Ülkelerindeki savaştan kaçan Suriyeliler Hatay'a yerleşiyor. TTB, Suriye sınırında çalışan doktorlara ilişkin bir rapor hazırladı.
Abone olSavaştan kaçan Suriyelilerin en yoğun olarak yaşadığı il olan Hatay'da çalışan doktorların yaşadıkları ve sıkıntıları, Türk Tabipler Birliği'nce (TTB) raporlaştırıldı.
Cumhuriyet gazetesinden İklim Öngel'in haberine göre, TTB'nin hazırladığı Füsun Sayek Raporu’nda bu yıl Suriye’deki savaşın Hatay’a etkileri ele alındı.
TTB her yıl hazırladığı Füsun Sayek Raporu’nda bu yıl "Suriye İç Savaşı’nın Hatay’a Etkileri"ni ele aldı. Savaşın eşiğinde Hatay’da görev yapan özel, devlet ve fakülte hastanelerindeki doktorların yaşadıklarına değinilen raporda doktorlar, gözlem ve yaşadıklarını paylaştı.
"SAVAŞ HEKİMLİĞİ YAPTIK"
"Kendimizi tam bir savaş hekimliğinin ortasında bulduk. Suriye’de karışıklıklar başladığı dönemde çok yoğun savaş cerrahisi yapıyorduk. Çünkü bununla ilgili bir hazırlık yoktu. Ne yatak artırımı ne de yeterli kapasite düşünülmüştü. Bunun üzerine çatışmalardan akın akın yaralı gelmeye başladı. Suriyeli mülteci akını da vardı. Vatandaş bundan rahatsız oldu. İnsanlar mülteciler için 'Kamplarda kalsınlar, şehirlerde dolaşmasınlar' derken hastanelerde karşılaşmaya başladı."
KAMPTA 'VİAGRA' İSTEĞİ
"Üç kez kampta hekimlik yaptım. Tuhaf istekler oldu. Biri Viagrayı reçete etmemi istedi. Cebinden alabileceğini söyledim. Buna karşın biri kamp müdürü 4 kişi ısrarı sürdürdü."
SURİYELİ EŞ KRİZİ
"Kırıkhan’daki kadınlar eşlerinin ikinci ya da üçüncü eş olarak Suriyeli olması ve ondan kaynaklı depresyonla gelen hastalarım oldu. Bizim hastaneye 4-5 Suudi Arabistanlı hekim geldi. Tedavi taleplerini reddettik ama bazı evlerde tedavi girişimlerinin yapıldığını duyduk. Eski bir yurt bu tür sağlık girişimleri için dönüştürülmüş. Acile gelenler yaralıları görünce etkileniyordu. İnsanlarda moral bozukluğu, karamsarlık oldu. Şehrin sosyal dokusu bozuldu. Tanımadığımız kişiler, kara sakallı, savaş kıyafetli, Suriyelilere benzemeyen insanlarla karşılaşıldı. Eskiden Hatay’da gezerken 'Patlama olacak mı' kaygısı yaşamıyorduk. Şimdi yaşıyoruz. Dedikodu ve fısıltılar şehirde dolaşıyor, bu tür dedikodular yayılabiliyor. Güvenlik kaygımız var."

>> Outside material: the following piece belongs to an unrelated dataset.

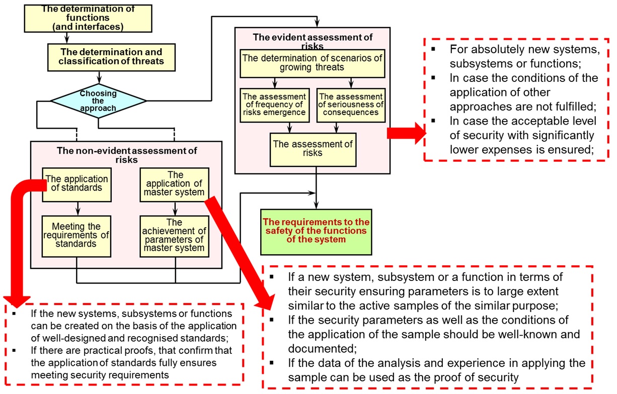 The applied filling of these management systems is carried out in accordance with the life cycle of the guided transport, specified in EN 50126 (IEC 62278 [11]), EN 50128 (IEC 62279 [12]) и EN 50129 (IEC 62425 [13]), as well as in IEC 60300-3-3 [14]. At the same time, regarding safety, the stage of the risk analysis has the crucial significance [15], which determines the risks in traffic safety, transport safety (protection against unlawful interference), occupational and environmental safety. Then the risk associated with them is assessed, and in case there is need to decrease this risk, the additional security functions are determined (fig. 3). With the reference to transport safety, at this stage the measures of pre-emptive (prevention), timely (prompt actions) and emergency (minimisation of damage) actions are taken against unlawful interference in accordance with the chosen model of behaviour of the potential intruder.
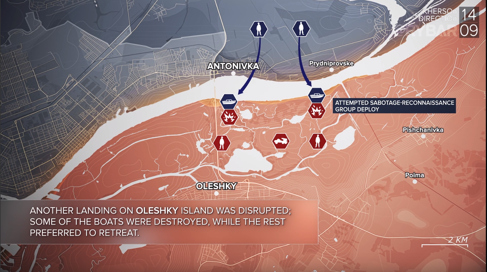 ▪️Theo hướng Kherson, Lực lượng vũ trang Ukraine tiếp tục cố gắng giành được chỗ đứng ở tả ngạn sông Dnieper. Một cuộc đổ bộ khác lên đảo Aleshkinsky bị gián đoạn, một số tàu thủy bị phá hủy, số còn lại chọn cách rút lui.

KAYITSIZ BİN 500 SURİYELİ...
"Bir aile hekimi olarak köyümde baktığım nüfus 2 bin 900. Bu olaydan sonra hiçbir yere kayıtlı olmayan 1500’e yakın Suriyeli yaşıyor. Sürekli sınırdan girip çıkıyorlar. Hiçbir belgeleri de yok. Onların nasıl sağlık hizmeti alacaklarıyla ilgili devlet bize bilgi vermedi. Son olarak kaymakamlık, onlara bakabileceğimizi ve reçetelerini kendilerinin karışılayacağını söyledi. Suriyeli hastalardan kızamık geçirenler olduğundan dolayı benim hastalarda da kızamık vakası görüldü. Antakya merkezde erişkinde kızamığa rastladık. Hastaneler o kadar doluydu ki kendi vatandaşımız yer bulamıyordu. Bir akrabam ameliyat oldu, oda zor bulundu. Kendisi 'Burada ikinci sınıf vatandaş olarak görülüyoruz' diyor."